Чтобы дать простор широкому росту социализма, нужно вполне перестроить все современное общество, ос­нованное на узком лавочническом индивидуализме. Воп­рос не только в том, чтобы, как иногда любили выра­жаться на метафизическом языке, «возвратить рабочему целиком весь продукт его труда», но в том, чтобы изме­нить самый характер всех отношений между людьми, начиная с отношений отдельного обывателя к какому-нибудь церковному старосте или начальнику станции и кончая отношениями между различными ремеслами, деревнями, городами и областями. На каждой улице, во всякой деревушке, в каждой группе людей, сгруппиро­вавшихся около фабрики или железной дороги, должен проснуться творческий, созидательный и организацион­ный дух, — для того чтобы и на фабрике, и на железной дороге, и в деревне, и в лавке, и в складе продуктов, и в потреблении, и в производстве, и в распределении все перестроилось по-новому. Все отношения между лич­ностями и человеческими группами должны будут под­вергнуться перестройке с того самого часа, когда мы ре­шимся дотронуться впервые до современной обществен­ной организации, до ее коммерческих или администра­тивных учреждений.

И вот эту-то гигантскую работу, требующую свобод­ной деятельности народного творчества, хотят втиснуть в рамки государства, хотят ограничить пределами пира­мидальной организации, составляющей сущность госу­дарства!
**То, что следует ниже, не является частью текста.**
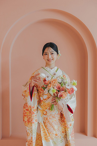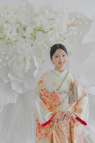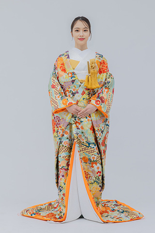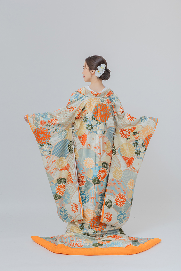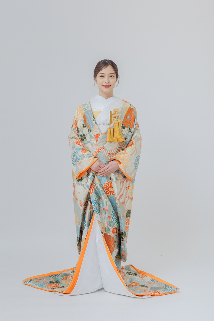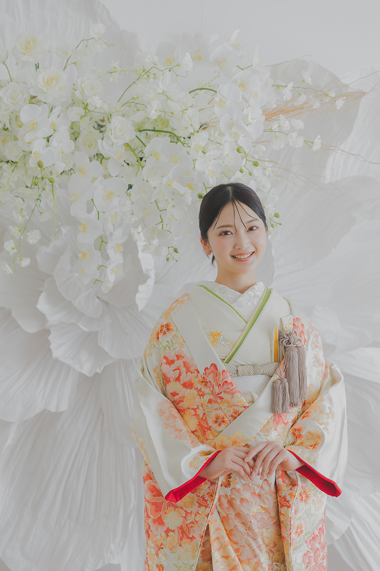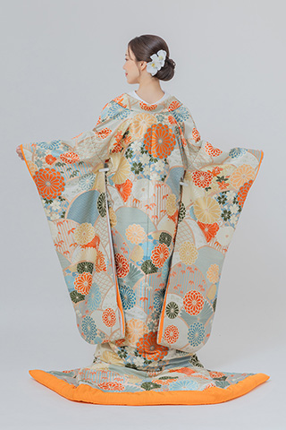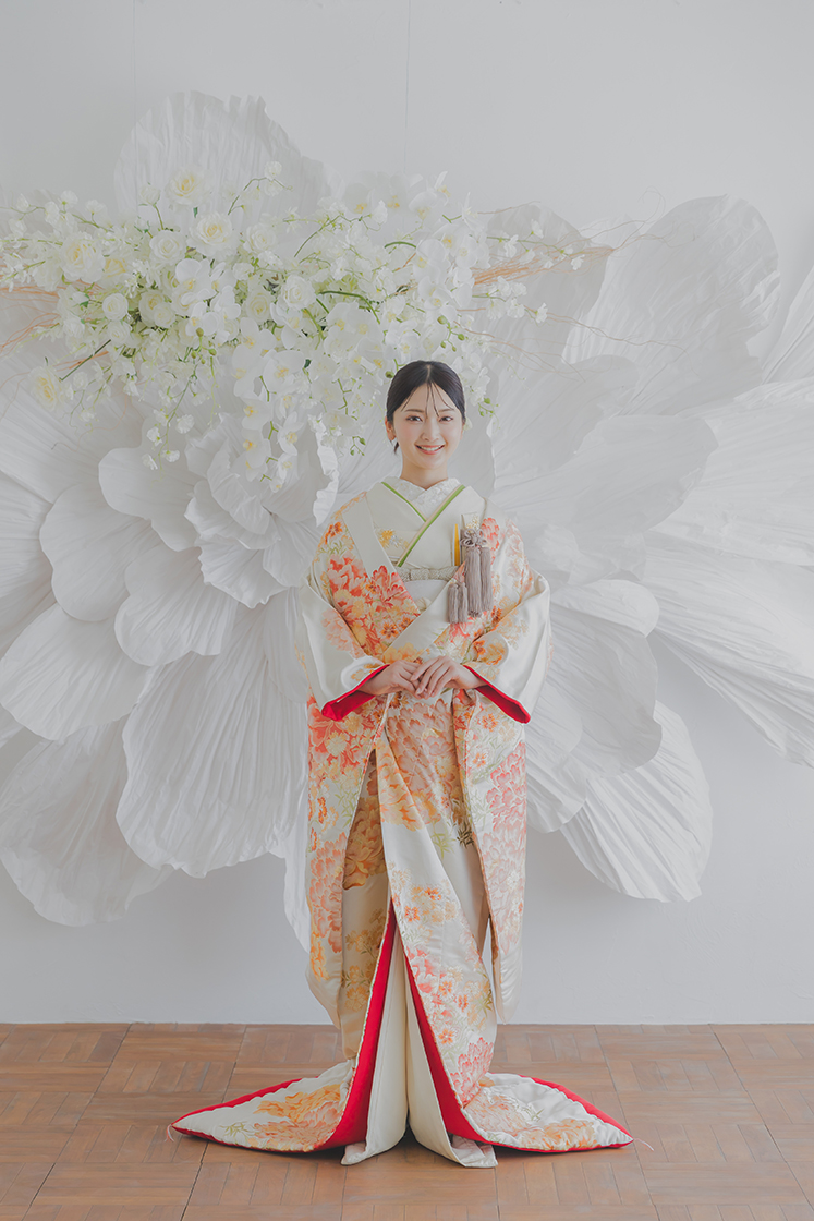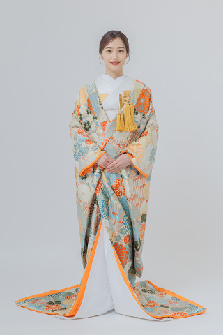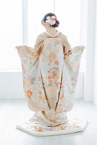 白地にオレンジの花が舞う、爽やかな色打掛。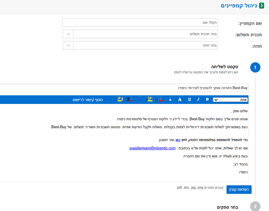 במסך זה גם נוכל להגדיר את ההודעה שתגיע לספקים אותם אנו מחברים ולצרף קבצים רלונטים לקמפיין

Из государства, самый смысл существования которого заключается, как мы видели, в подавлении лич­ности, в уничтожении всякой свободной группировки, всякого свободного творчества, в ненависти ко всякому личному почину и в торжестве одной идеи, которая по необходимости должна быть идеей посредственности — из этого-то механизма хотят сделать орудие для выпол­нения гигантского превращения!.. Целым общественным обновлением хотят управлять путем указов и избира­тельного большинства!.. Какое ребячество!

 

Через всю историю нашей цивилизации проходят два течения, две враждебные традиции: римская и народная, императорская и федералистская, традиция власти и традиция свободы.

И теперь, накануне великой социальной революции, эти две традиции опять стоят лицом к лицу.

Которое нам выбрать из этих двух всегда борющихся в человечестве течений — течение народное или течение правительственного меньшинства, стремящегося к поли­тическому и религиозному господству, — сомнения быть не может. Наш выбор сделан.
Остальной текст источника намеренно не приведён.